Róisín McBrinn’s production – featuring violent moments going eyeball-to-eyeball with King Lear – is visually engulfing. Yet, if it’s not clear how we’re going to get there, it’s always pretty obvious where we’re heading – so the denouement, when it arrives, is surprising only for the melodramatic histrionics into which McBrinn’s direction abruptly descends. Fishbourne, where Connie lives, is hauntingly described by Mosse, who tells us this is a love letter to her home village. She is a victim of traumatic memory loss and the plot involves her mind’s retrieval of obscene happenings 10 years previously. Her favourite plays include Hangmen by Martin McDonagh, and A Woman Killed with Kindness by Thomas Heywood.Meanwhile, the fractured events of the past are being brought to light by a mysterious veiled woman, targeting local residents with their own secrets to hide.

I enjoyed this book but even after reading it twice I still don’t know when how or why Cassie could have had reparation, what could they have said, and when.
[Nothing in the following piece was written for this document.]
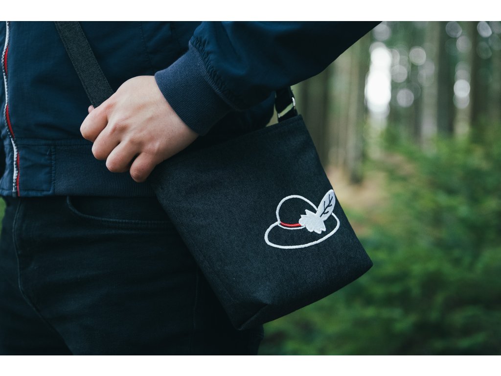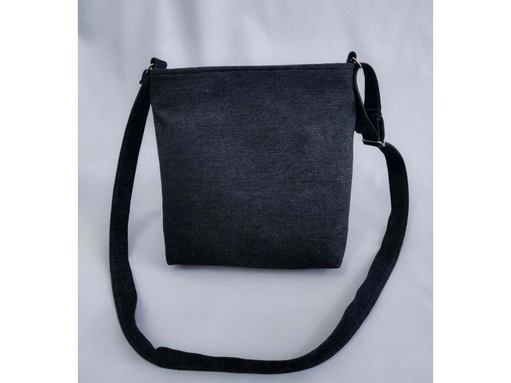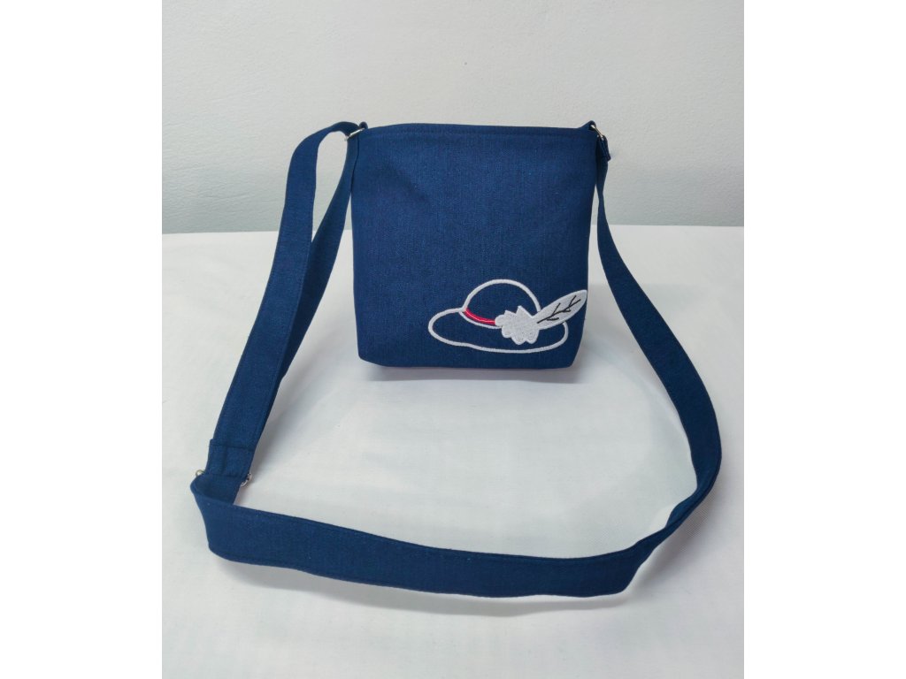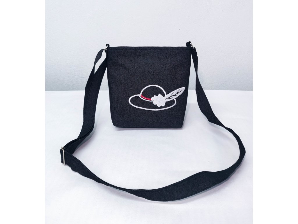 UNISEX kapsa cez rameno z čiernej alebo tmavomodrej rifloviny s výšivkou vzor Klobúk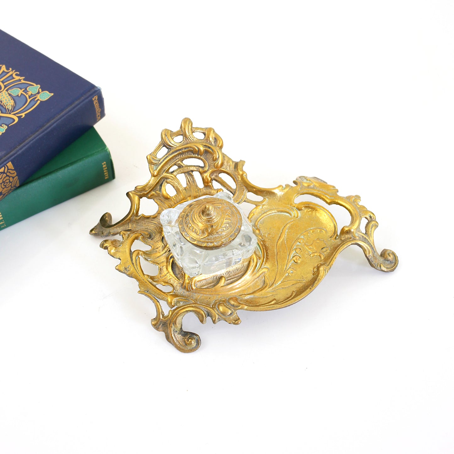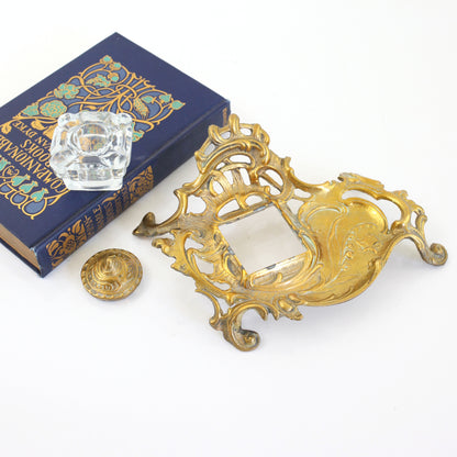 SOLD - Vintage Art Nouveau Style Brass & Glass Inkwell

In archetypal gothic fashion, it’s a harbinger of what is to come, but the play’s most pressing conundrum is the amnesia that Connie Gifford (Daisy Prosper) has suffered since she fell down a flight of stairs when she was 12. Meanwhile, her tormented father drinks to escape the past and it’s up to Connie to secretly keep their dilapidated taxidermy museum, unseemly for a lady, going. Connie, unusually for a young lady, has learned her father’s craft and practices it with relish and precision. Connie suspects her alcoholic father of the crime; he is indeed the local taxidermist, once wealthy owner of a fabled museum, now a failed drunk since te vogue for stuffed birds fell out of fashion.We were chatting away when he suddenly put his hand in his bag, slapped The Taxidermist’s Daughter on the table and said, ‘I want you to do this for me,’” says Mosse, who was so busy with her other lives – as a novelist, carer, and literary activist – that it took several years to get back to him. In the stage adaptation of her own bestselling novel The Taxidermist’s Daughter, Kate Mosse (co-founder of the Women’s prize for fiction) collides amnesia, sexual predation, corvid symbolism and female-exacted retribution. The novel in question is The Taxidermist’s Daughter, which is set around Mosse’s home near Chichester in the unusually stormy year of 1912. We have published a new cookies policy, which you should read to find out more about the cookies we use. The closer we come to understanding the events and characters of the present, the more of her dark past is revealed, and vice versa.

Paul Wills’s set is a lovely puzzle of rising and sliding parts, fluidly introducing medical and museum vitrines, homes, offices and coastland. I think it’s very easy, particularly as a woman, to not be prepared to fail, but women have to be ambitious. As Connie bemoans, “only men with their delicate little hands” are allowed to become taxidermists, not women. Mosse weaves some difficult themes into the narrative, such as the effects of sexual violence, murder and grief, and her descriptions of the marshlands of Fishbourne – where she herself grew up – are outstanding. With her father barely able to work, she has learnt the trade, meticulously slicing and eviscerating black birds, admiring the ruby glow of their innards against the glossy jet of their feathers.Paul Wills fills a stage fringed with reeds and rushes with gauze boxes that, artfully lit by Prema Mehta, transform into vitrines housing a human skeleton and displays of stuffed birds. A famous former museum inspired her, too: the Museum of Curiosities, a taxidermist’s popular collection that Mosse visited as a child, is reimagined here as the long-closed Gifford’s Museum of Avian Taxidermy. We did pre-marriage counselling, which was successful, and a chemistry test – which is essential, because if you can’t find a flow, a sense that you can collaborate, then personally I’m not interested. At the core of it,” says director Róisín McBrinn, “is a young woman who has been separated from the justice that she deserves – which, unfortunately, is still a very common theme. Sinéad Diskin’s sound has a vaguely Wicker Man-ish folksy menace, and Andrzej Goulding’s video impressively conjures dark, rain-lashed nights and a climactic flood.